Figure 2: The Effect of Having at Least One Daughter on Progressive Voting: Asian Judge

Task 4: Quarto Chunk Options

The chunks in this (and other quarto documents) contain so-called chunk options (#|) that control things like whether we execute the chunk or not, whether we include the source code or only the chunk output in the final document, and many other things. In this task you will need to add one or two of such options to the chunks above. Some of the most basic chunk options are:

Option Description
eval Evaluate the code chunk (if false, just echos the code into the output).
echo Include the source code in output
output Include the results of executing the code in the output (true, false, or asis to indicate that the output is raw markdown and should not have any of Quarto’s standard enclosing markdown).
warning Include warnings in the output.
error Include errors in the output (note that this implies that errors executing code will not halt processing of the document).
include Catch all for preventing any output (code or results) from being included (e.g. include: false suppresses all output from the code block).

You can find many more of them here: https://quarto.org/docs/reference/cells/cells-knitr.html.

4.1. In academic papers, people often put figure captions in the text rather than on the plot directly. In the chunk with label fig-me, adjust the fig-cap option to specify a meaningful title for the plot.

4.2. Add meaningful labels to all other chucks. The labels must be unique!

4.3. Using chunk options, hide all the output of the setup chunk as well as the source code.
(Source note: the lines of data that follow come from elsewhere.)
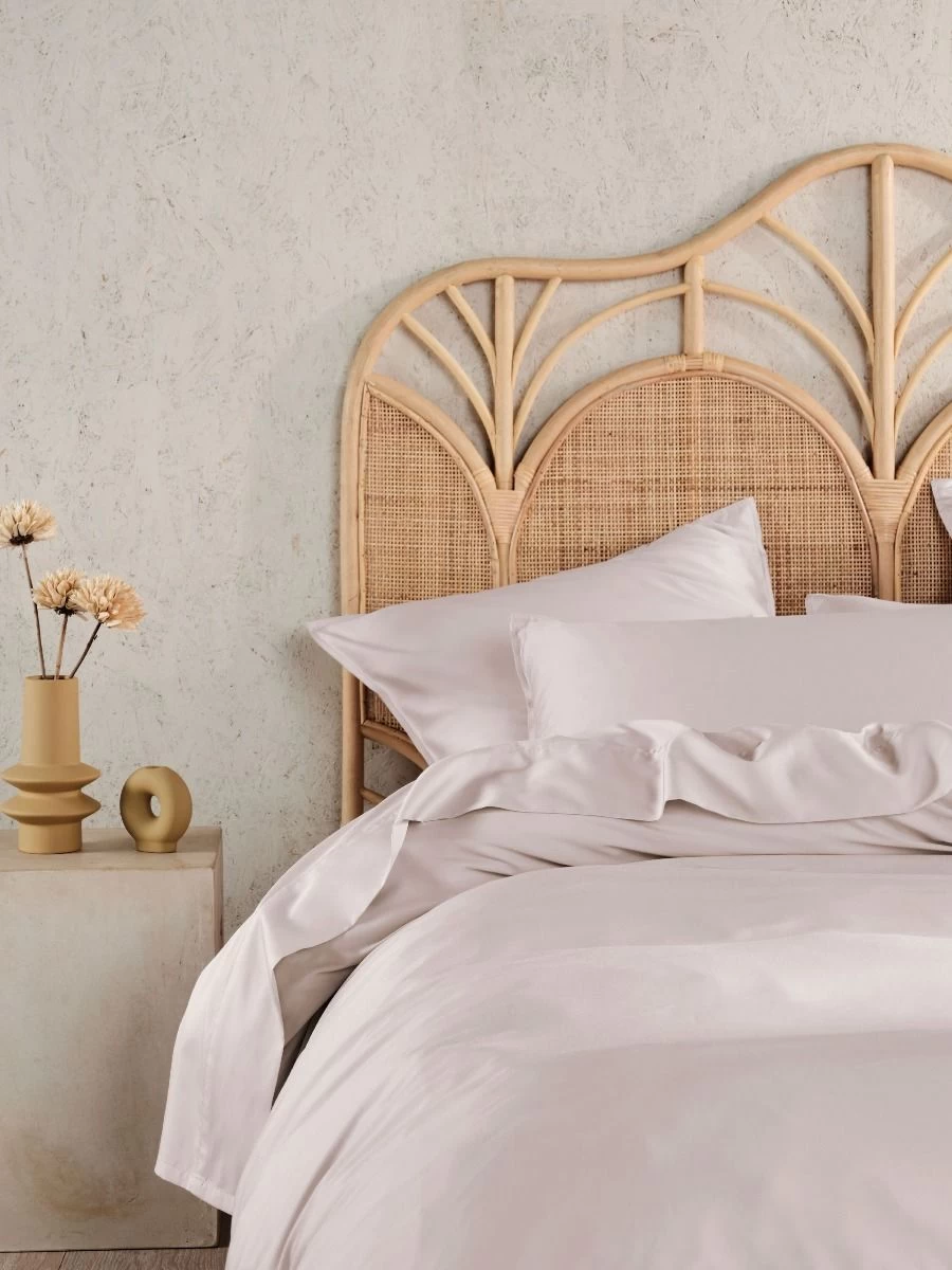 Smoother than silk and made from high-quality, 400 thread bamboo/cotton, this Nara quilt cover set in wisteria enjoys a luxe sateen weave and is trimmed with stitched borders.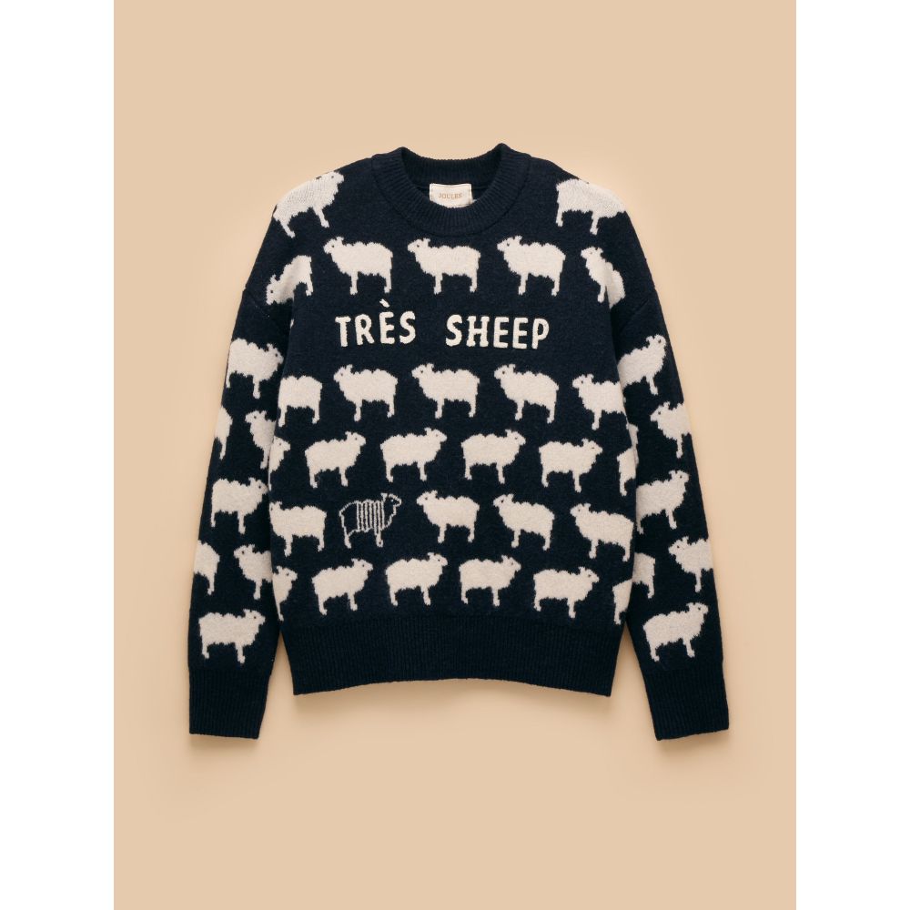 Product ID: JOULES-TRES-SHEEPA statement knit is always needed in everyone's wardrobe and ours provides a fun aesthetic and top-quality craftsmanship. Designed to a relaxed fit, this piece features dropped shoulders, a tubular crew neck and deep ribbed trims. It's finished with a boucle embroidered slogan and an intarsia knit pattern that adds a real flair.
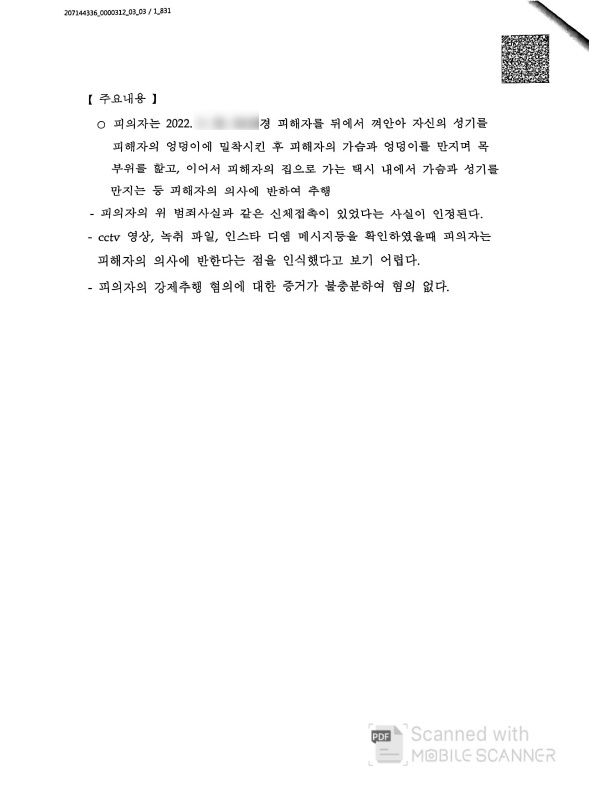 『피의자는 2022. 00. 00.경 피해자를 뒤에서 껴안아 자신의 성기를 피해자의 엉덩이에 밀착시킨 후 피해자의 가슴과 엉덩이를 만지며 목부위를 핥고, 이어서 피해자의 집으로 가는 택시 내에서 가슴과 성기를 만지는 등 피해자의 의사에 반하여 추행하였다』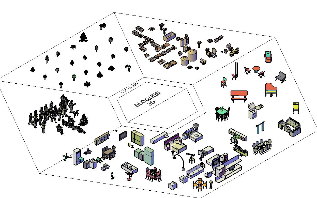 A 3d autocad block including in a furniture details like sofa, chir, table , etc, people block and trees block 3d autocad block download file, 3d autocad block dwg file, 3d autocad block

4.4. In the regression-table, make sure the code is executed when rendering the file. Also, hide the source code so that only the output (i.e. the table) is shown in the rendered document.

Task 5: Knitting and Formatting

Please knit your file to PDF. Make sure that all code lines are visible (there are no hanging lines), and that your code is well-styled (running styler::style_dir() in the console should do the styling automatically for you). Upload the latest version of the project (primarily the qmd file) to the repo.